HeLa cells were seeded at a density of 5 × 105. The next day, cells were treated with U0126 or vehicle for 5 h and then resuspended using 10 mM EDTA/phosphate-buffered saline (PBS). Cells were pelleted and then resuspended in growth medium. Steady-state surface and total populations of MHCI or transferrin receptor were measured as follows. To measure surface populations, cells were resuspended in growth medium (50 μl) and incubated with FITC-conjugated anti-MHC I (0.5 μg) or anti-transferrin receptor (0.25 μg) for 45 min at 4°C. As a negative control, FITC-conjugated antibody against murine MHCI (anti-H2D; 0.5 μg) was used. Anti-H2D does not react with human cells and was used to determine nonspecific, background fluorescence. Cells were washed three times in FACS buffer (5% FBS and 0.02% sodium azide in PBS) and then fixed in PBS containing 2% formaldehyde for 15 min on ice.
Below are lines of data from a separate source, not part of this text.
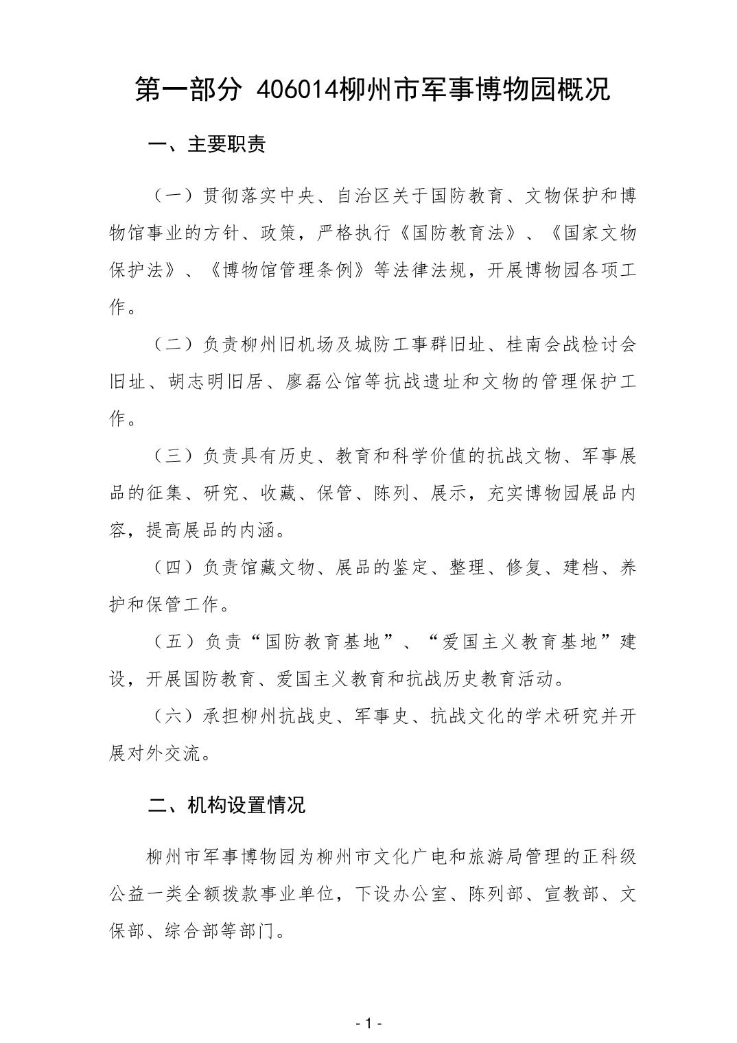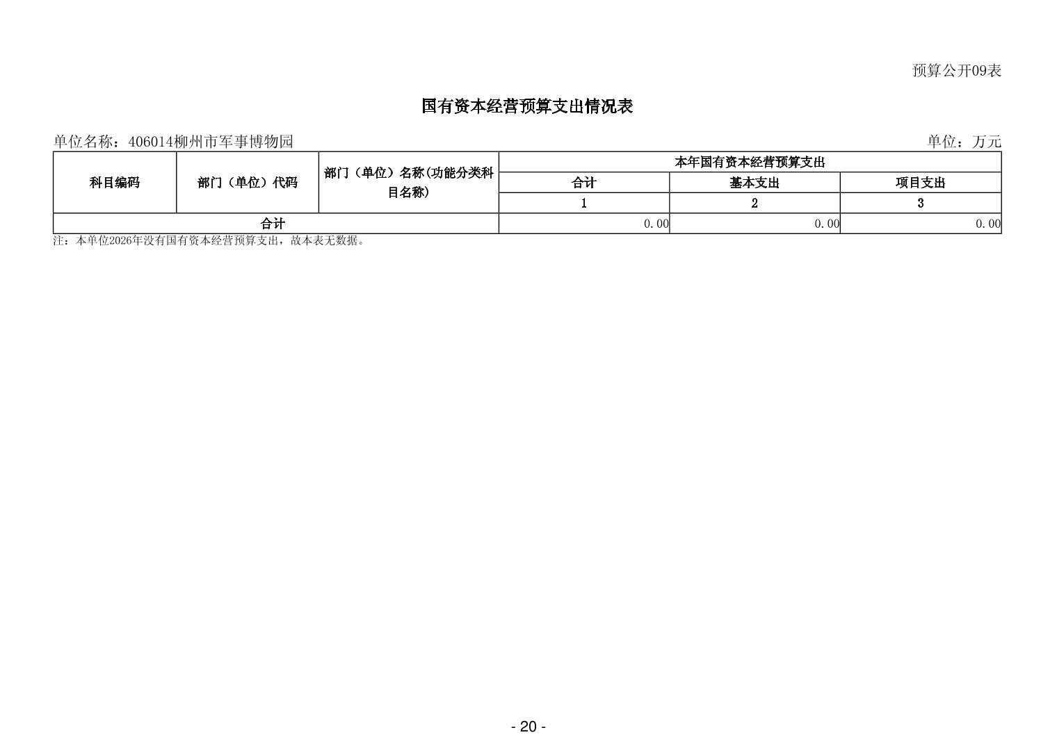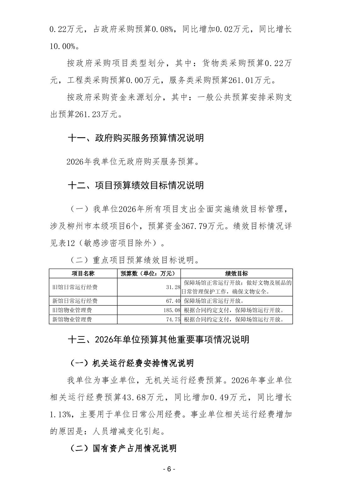 406014柳州市军事博物园2026年单位预算公开说明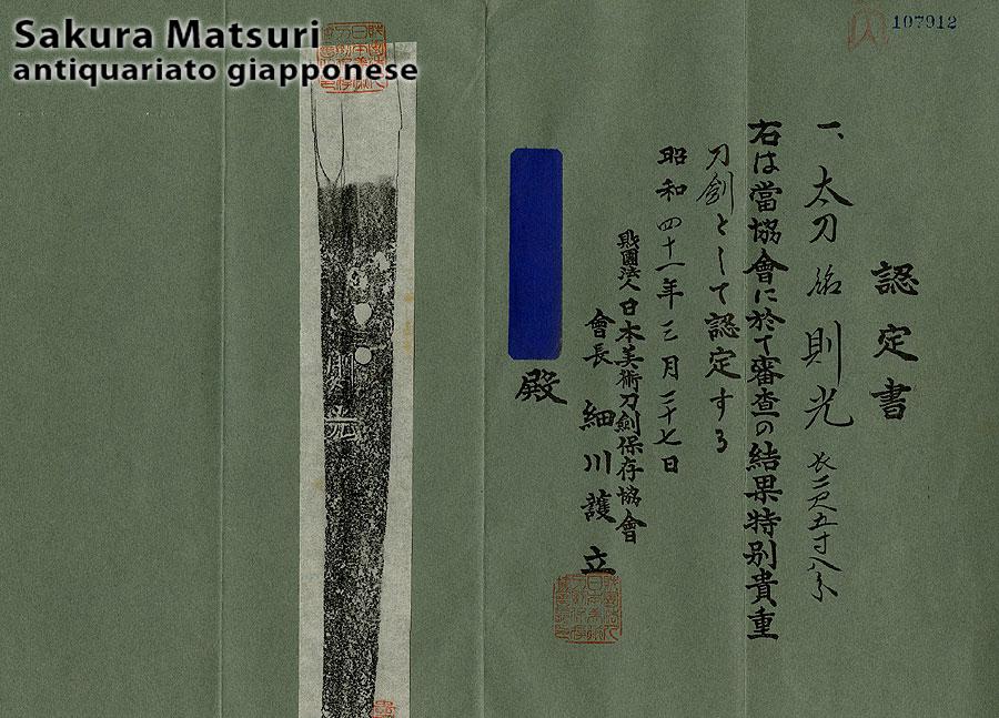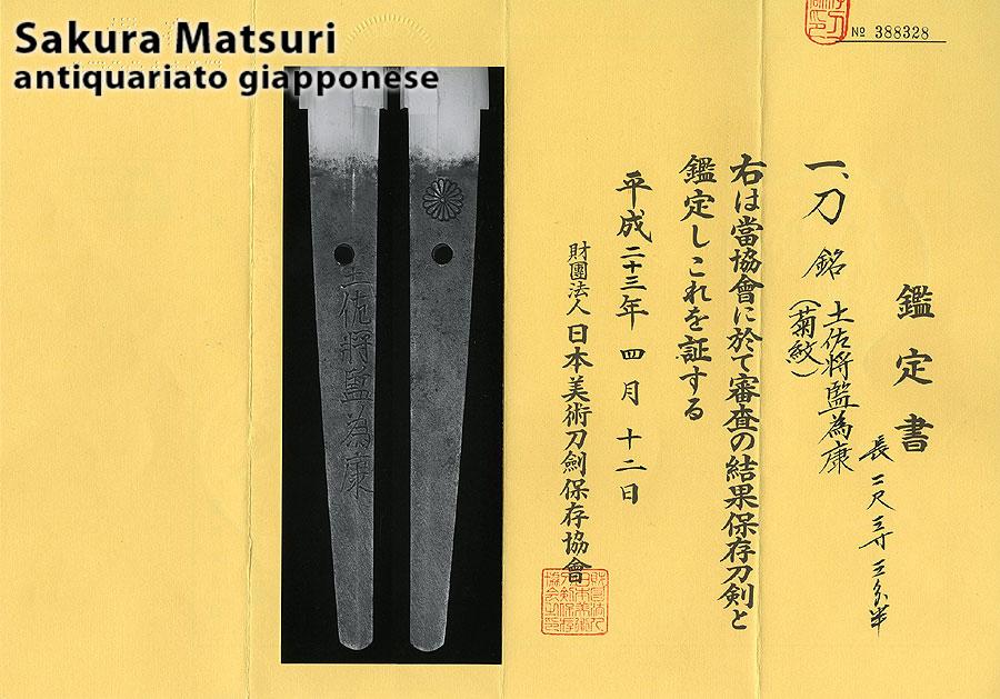 kamon igeta/hanabishi. Certificato Hozon Touken Kanteisho.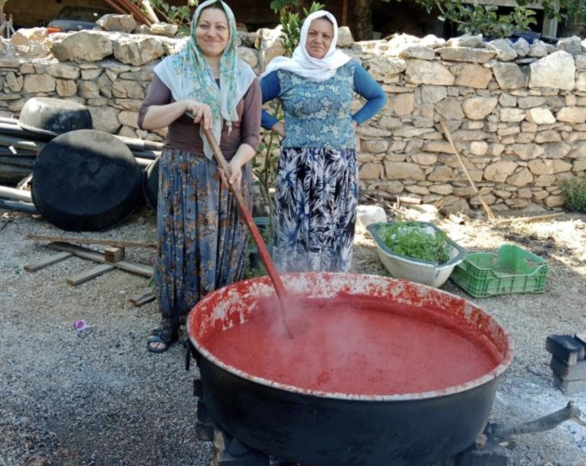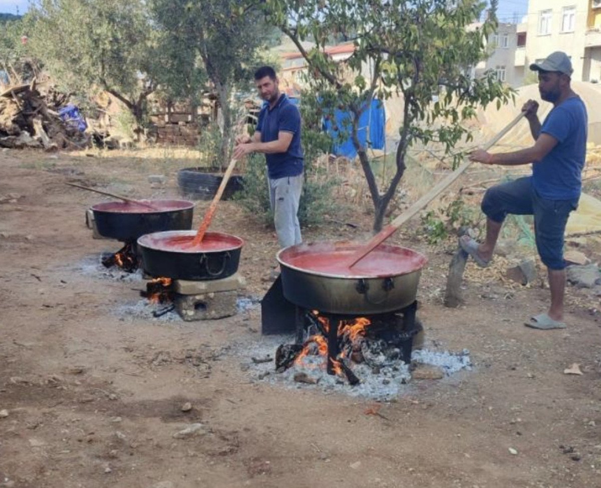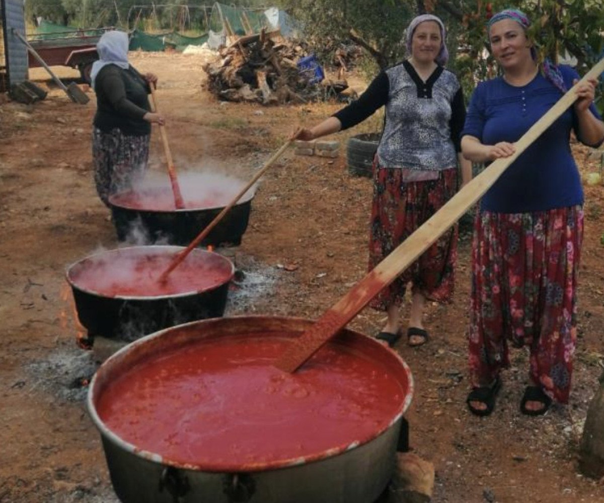 Kadınlar, sıra sıra koydukları kazanlarda odun ateşinin üzerinde kaynattıkları domateslerle kışlık salça yapmaya başladı.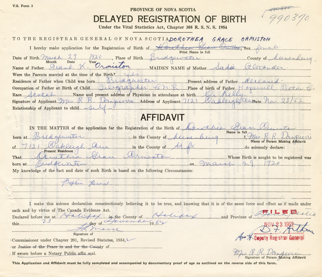 Date of Birth March 29, 1920 Place of Birth BridgewaterCounty of Lunenburg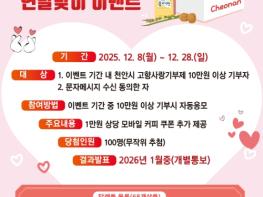 천안시는 오는 28일까지 ‘고향사랑기부제 연말맞이 이벤트’를 진행한다고 8일 밝혔다. 이벤트 기간동안 고향사랑e음 누리집을 통해 천안시에 10만 원 이상 기부하고, 문자메시지 수신에 동의하면 자동 응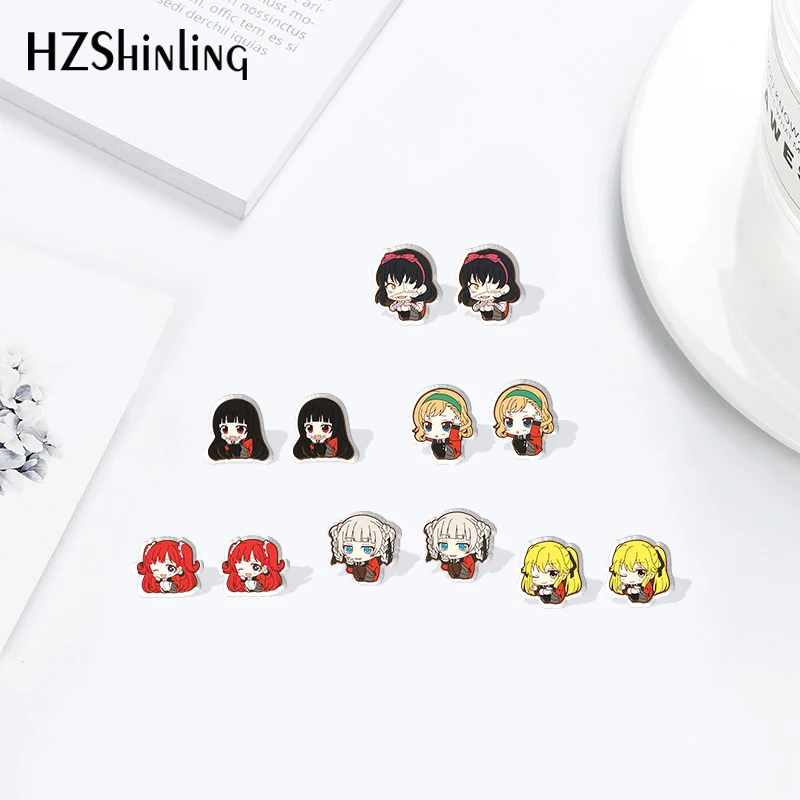 2021 мультфильм аниме Kakegurui шаблон из нержавеющей стали ушные изделия из смолы серьги со вставками из эпоксидной смолы аксессуары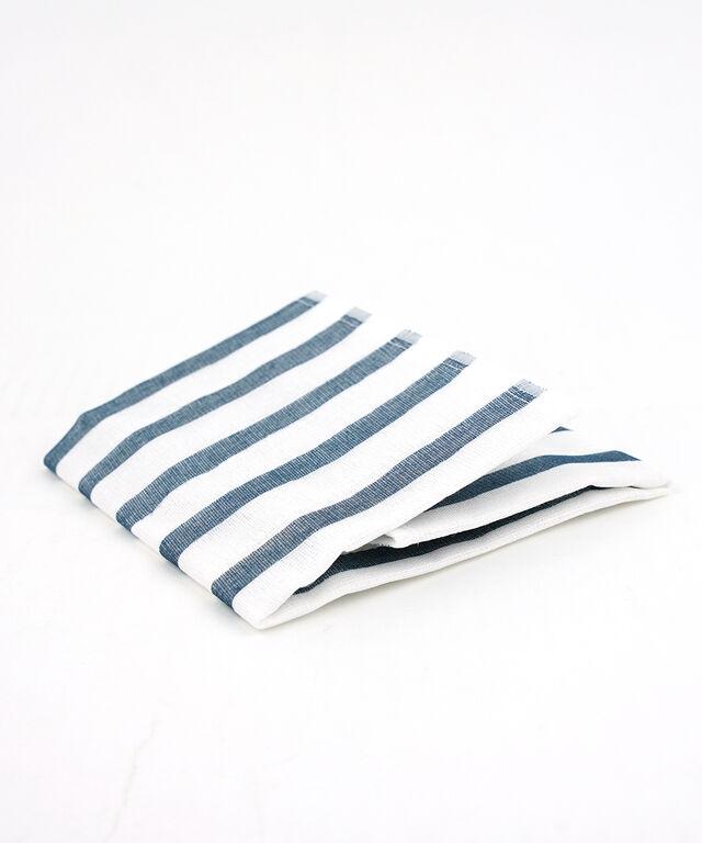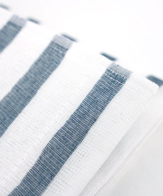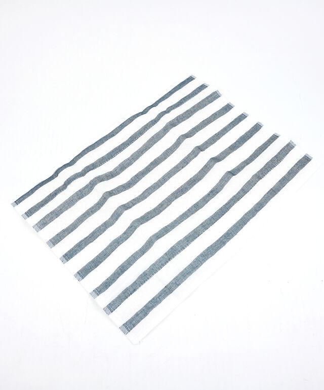 揺らぎのある縞模様を捺染し、かや織ふきんに仕上げました。
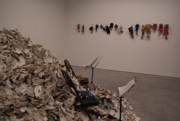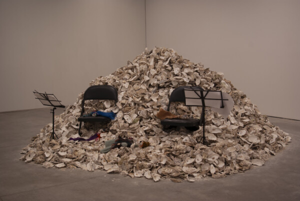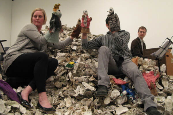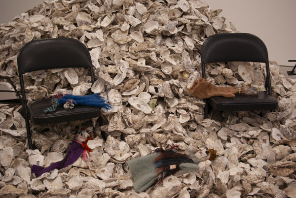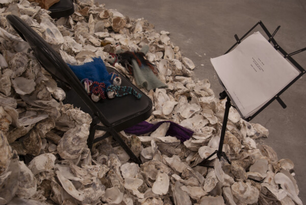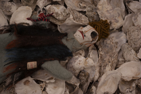 These zones are discovered not in untouched wilderness but in the seat of a used Subaru while listening to Berkeley’s freeform community radio station, as in Lutz Bacher’s video “Organic.” Oscar Tuazon, born on the Olympic Peninsula and currently living in Paris, contributes an editioned hand-bound book of his stories and photographs, which feature moments of entropic dissolution in semiwild landscapes. He also presents a hand-bound collection of issues of “Dwelling Portably,” a zine published for the past thirty years somewhere near Philomath, Ore., by a couple living invisibly and off the grid in the Oregon woods. Jordan Wolfson’s 16mm film loop “Perfect Lover” shows a realistic, animated, talking crow in woodland scenes, calling out the hours of the day in a monotone, uncanny and mundane. Heather and Ivan Morison’s large sculpture of shells in the form of a midden becomes the stage for a scabrous puppet show, “I hate her. I hate her.” Toward the end of the show’s run, Lawrence, Kansas, duo Drakkar Sauna will perform at locations in and around Vancouver and in the gallery. Their songs, including “Spear for When the Bear Comes” and “There’s Not Enough Tits on a Wolf,” will illuminate the exhibition’s themes.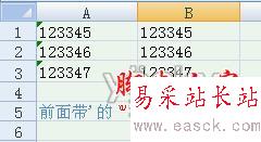 或者在數字前面添加一個半角的單引號“ ' ”。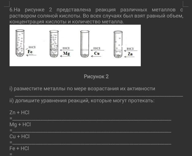 6.На рисунке 2 представлена реакция различных металлов с раствором соляной кислоты. Во всех случаях был взят равный объем, концентрация кислоты и количество металла. HCI Zn Fe Mg Рисунок 2 1) разместите металлы по мере возрастания их активности ii) допишите уравнения реакций, которые могут протекать: Zn + HCl Mg + HCl Cu + HCl Fe + HCI 7. Выполните задание, представленной ниже используя информацию из таблицы

After fixation, cells were washed three times in FACS buffer, three times in Sheath fluid (Fisher Scientific, Pittsburgh, PA), and stored at 4°C until analysis. To measure total MHCI, resuspended cells were immediately fixed in PBS containing 1% formaldehyde for 15 min at room temperature. Cells were permeabilized by washing twice in medium containing 0.5% saponin and then incubated with FITC-conjugated anti-MHCI, anti-transferrin receptor, or anti-H2D for 45 min at 4°C as described above. Samples were washed three times in FACS buffer containing 0.5% saponin followed by three washes in Sheath fluid and then stored at 4°C until analysis. All data were processed using CellQuest Prosoftware (BD Biosciences, San Jose, CA). Mean fluorescence intensity signals obtained from anti-H2D staining were defined as background and subtracted from each experimental sample. The ratio of surface signal:total signal was calculated. This value for vehicle-treated control cells was defined as 1.0, and the values for U0126- and PD98059-treated samples were presented as a fraction of that in control cells. Data represent the results from between three and eight experiments, each performed in duplicate.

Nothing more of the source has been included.